I'm looking for a way to delete (a row) and change...
# general
c
I'm looking for a way to delete (a row) and change data in pinot . For example, if a member withdraws, all data of the member must be deleted immediately. - I can replace segments of a full period in an offline table. - In realtime tables I would use UPSERT mode. I can upsert null values. But I can't use star-tree index. Can I delete without using UPSERT mode? https://docs.pinot.apache.org/basics/data-import/upsert Is there a way to delete a Row from a segment of an offline + realtime table in Pinot?
m
Hey - you can't delete individual rows. As you said, you can only delete at the segment level for both offline and real-time tables.
r
@User I'm not a GDPR expert but if you get a GDPR request is it enough to make it impossible to retrieve data for that user?

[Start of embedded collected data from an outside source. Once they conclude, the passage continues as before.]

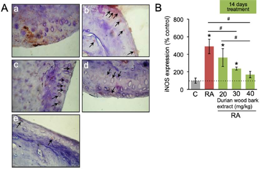 Fig. 3 The expression of iNOS in chondrocytes of articular cartilage. (A) representative images of iNOS expression in the articular cartilage; (a) control; (b) RA model; (c-e) RA model treated with durian wood bark extract at dosages of 20, 30, and40 mg/kg, respectively. The images were taken at 1000× magnification. (B) Quantification of iNOS expression. Data are expressed as a mean ± standard deviation (SD). (*) and (#) indicates a significant difference compared to control and between two groups indicated in the graphs (p < 0.05), respectively.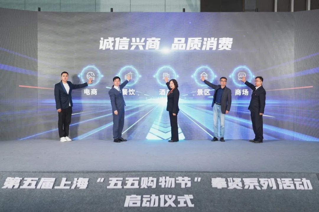 4月30日下午,第五届上海“五五购物节”奉贤系列活动在百联南桥购物中心正式启动。市商务委员会副主任张国华,区委副书记、区长王益群共同推杆,为上海“五五购物节”奉贤系列活动拉开帷幕。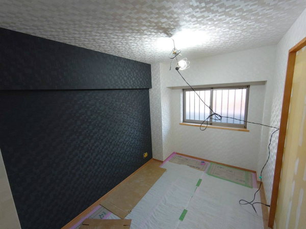 ▲ビス穴などをパテで埋め、平らになった下地の上にクロスを張ります。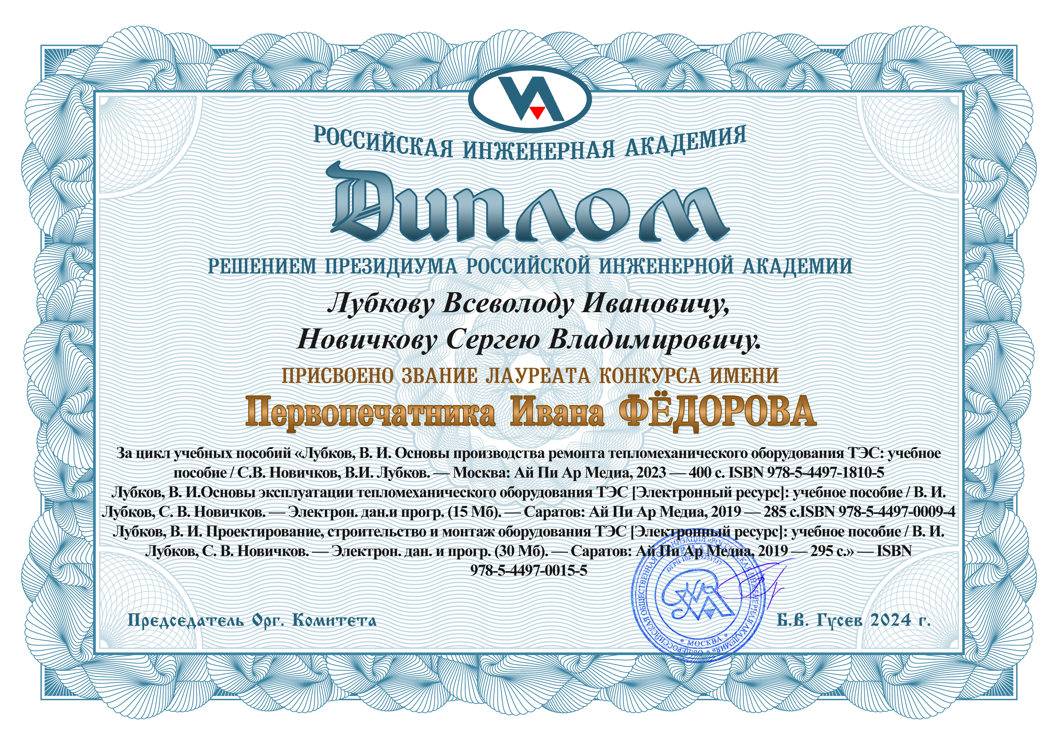Доценту кафедры «Тепловая и атомная энергетика» имени А.И. Андрющенко Института энергетики СГТУ имени Гагарина Ю.А. Сергею Новичкову присвоено звание лауреата конкурса имени первопечатника Ивана Федорова за создание цикла учебных пособий по проектированию, строительству и монтажу, эксплуатации и ремонту теплоэнергетического оборудования на тепловых электростанциях (ТЭС).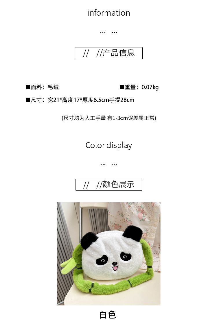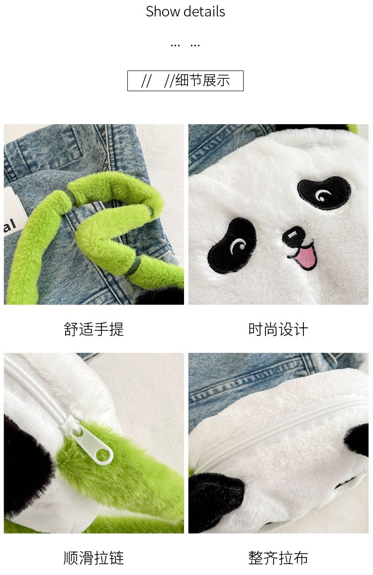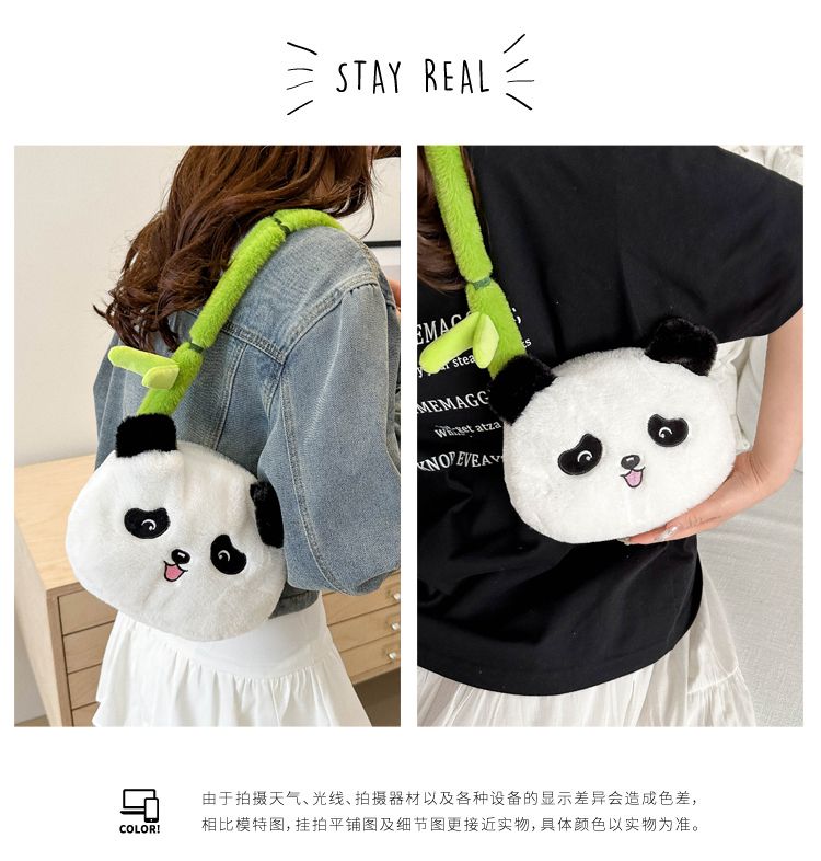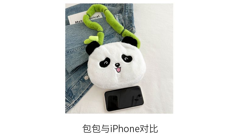 新款熊猫竹子单肩斜挎包毛绒高颜值小清新慵懒风便携式 投诉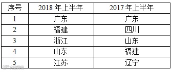 表5 2018年上半年与去年同期美国FDA拒绝进口食品前5个省份/地区比对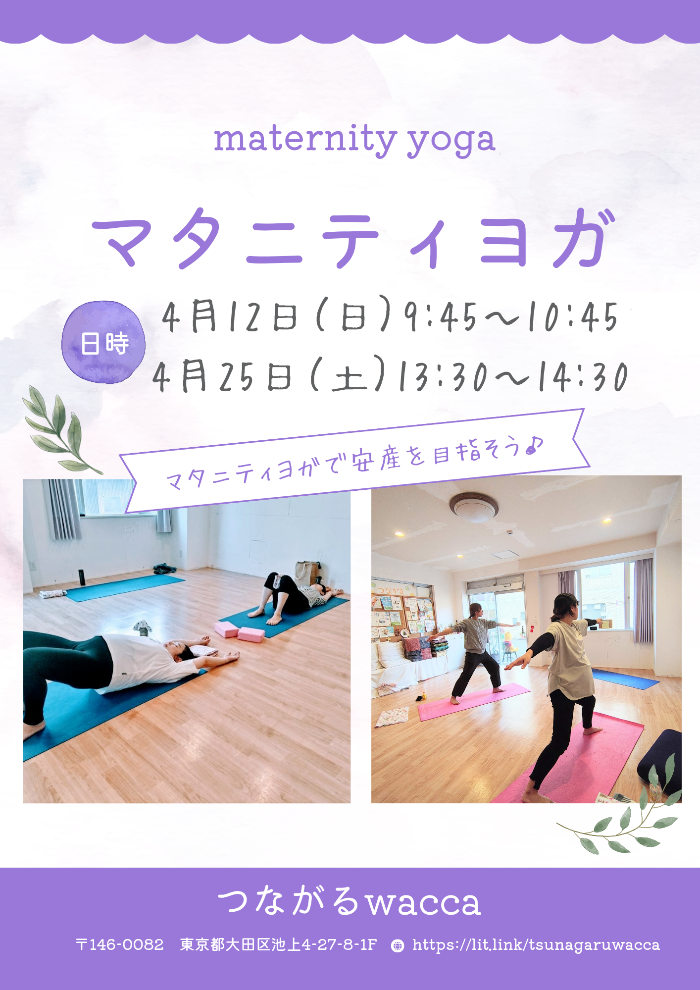 | 実施内容 | : | ストレッチやヨガポーズで心と身体をゆるめます。 妊娠中の不調や運動不足、出産・産後・育児に向けての体力作り、 マタニティヨガで安産を目指しましょう! 〔対象〕 |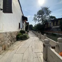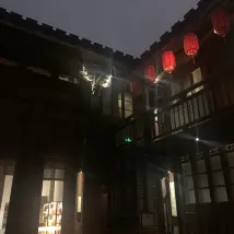 This looks like a family run minsu. It's a very old residence right at Sangxiahang, and the canal is in front of the minsu. We stayed at the ground floor. You can hear footsteps on the wooden floors upstairs. The taxi will not be able to stop right in front of the minsu so you have to drag your bags a short distance to the place. It would be good service if the staff wait at the roadside to guide us in. At night it is very beautiful with the lights and reflection on the water. The lady boss was considerate and obliging.we requested for additional water and was given a 5 liter bottle of water. We thought the room lights were dim, so they put in a standing lamp. We booked for a 3 person room. Room size and space is rather limited for 3 adults.The room and beddings are clean and fresh. Poor internet signal strength in our room which is located in a corner on the ground floor. There could be more international socket points. Past reviews raved about the decor and condition of the place so I set my expectations rather high. Breakfast was a set, serving typical Fuzhou cuisine like fish balls a thin skinned wonton soup, steamed sponge cake and meat bao
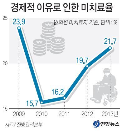 병의원 미치료자 중 경제적 이유를 든 비율은 지난해 21.7%로, 2009년 23.9%에서 2010년 15.7%로 뚝 떨어진 이후 2011년 16.2%, 2012년 19.7%로 다시 꾸준히 늘어나고 있다. 병원에 가지 못한 사람의 다섯 명 중 한 명은 돈이 없어서 치료를 받지 못지 셈이다. ·연합뉴스

because if that's enough (I know there are strategies in some frameworks like encrypt the data and throw away the encryption key when the request comes in) we can make easily an indexing feature to support this
essentially we could apply a mask to the data meaning "don't read this row" but which would keep the offline segment format immutable
c
@User Thanks for the answer, how to replace the segments (comsuming and completed) of a realtime table?
@User Thanks for the answer, are encryption keys managed per user? I want to know more. Do you have any documentation on this?
r
sorry I was asking about your requirements, not describing a feature
m
@User The minion purge task can be used for GDPR purging
c
@User I have to comply with the GDPR, and the best way is to delete the individual rows.
m
Yes minion purge task for that @User
c
@User Thanks so much! 😍 https://github.com/apache/pinot/blob/c6ad763a5013825810a0af5448bb4a1d8be0e230/pinot-core/src/test/java/org/apache/pinot/core/minion/SegmentPurgerTest.java#L127 I checked Pinot's Purge Task, but I didn't mention it because I wanted to see if there was any other way. However, I think it's only a way to use PurgeTask, so I have a few questions about PurgeTask. Q1) Can PurgeTask also delete individual rows in the committed segment (not concealing) of the realtime table? Q2) PurgeTask does not seem to delete individual rows by random accessing segment files. If PurgeTask downloads, regenerates, and uploads segment files, what is the difference from injection job? I am trying to understand this difference. We will prefer an injection job to using Minion and implementing a task code. because it is more familiar to develop an injestion job. Q3) We can service large amounts of data and large numbers of segments. If PurgeTask works in a download and regenerative manner, regeneration and reload of segments will likely affect clusters or services, regardless of whether PurgeTask or InjectionJob is used. How will the cluster or service be affected?
m
1. Purge task is for offline tables
2. It is smarter to avoid regeneration of segment if nothing change. Also it takes away the burden of maintaining another ingestion pipeline. But essentially it is the same
3. Download/upload of data should not impact cluster performance. How much data are we talking about?
c
1. I'd like to check this out one more time. Isn't the committed segment here a segment of the realtime table? https://apache-pinot.slack.com/archives/CDRCA57FC/p1648678751360119?thread_ts=1648225591.865729&cid=CDRCA57FC 3. We have a couple of cases. One is about 500GB based on ElasticSearch's index size. The other is years of data and is stored in segments on a daily basis.
@User I'm sorry 'committed segment' is a bit confusing, does committed segment mean only segments of the OFFLINE table? Is the segment in which the consuming segment of the REALTIME table flushed is not a committed segment?
m
Consuming segment is one which is still open and ingesting records. When it is sealed it is committed and not longer open for adding more rows through real-time ingestion (in real-time table).